A Nationwide Public Pension Trend Is Emerging

PHOENIX - Budget pressure from pension costs is growing for states and municipalities as many large pension systems across the country lower their discount rates to reflect lower investment return expectations.

Moody's Investors Service dissected the situation in a report Thursday, authored by analysts Thomas Aaron and Timothy Blake. The piece comes shortly after the nation's two of the nation's largest public pension funds, the California Public Employees' Retirement System and the California State Teachers' Retirement System decided to lower their assumed annual rates of return on investment, known as the discount rate. CalPERS' board voted in December to reduce the rate from 7.5% to 7% over three years, and CalSTRS decided this month to hit the same target over the next two years.

From a long-term market interest rate perspective, lower return assumptions are overdue, the Moody's analysts wrote.

"The gap between market interest rates and the reported discount rates of US public pension plans has been widening for over two decades and remains substantial," said the report. "For example, CalPERS' 8.55% assumed rate of return in 1990 was within five basis points of the annual rate for 10-year, constant maturity U.S. Treasuries. In 2016, that gap exceeded 550 basis points, even after incorporating the 7.375% rate that will be used as part of CalPERS' 3-year phased reduction to 7.0%."

Instead of reducing their discount rates, Moody's notes, pension plans reached for yield by making riskier investments.

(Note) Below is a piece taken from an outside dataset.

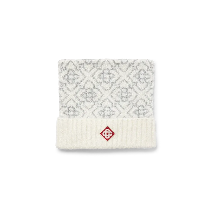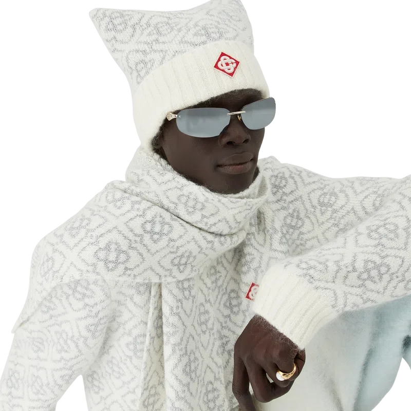 Il berretto da sci è un modello raffinato realizzato in tessuto di mohair con il motivo Monogram bianco e grigio della Maison, ispirato ai disegni del gelo sulle finestre delle tradizionali case coloniche giapponesi. Ispirato ai cristalli di neve sui boschetti di bambù, il design incarna l’eleganza di Apras-Sport.

And late 2016 interest rate increases did little to improve the gap between public pension discount rates and market interest rates, the rating agency said. But with lower returns expected for the next decade, many U.S. public pension funds are decreasing their discount rates and requiring higher contribution levels from their participants. Besides the big California plans, the New York State and Local Employee's Retirement System, Dallas Police and Fire Pension Fund, and the Chicago Firemen's Pension and Annuity Fund are among those to lower expectations.

Those adjustments mean challenges at the local level. While Moody's believes the impact will vary widely depending on the specific situation, some issuers could see their costs rise enough to amplify existing challenges. And even with the discount rate changes, pension costs are still understated by government funding and accounting assumptions, warned Moody's. Keeping pension costs manageable will require continued growth in government revenues and strong pension investment returns, especially for those governments with already large pension obligations, the agency said.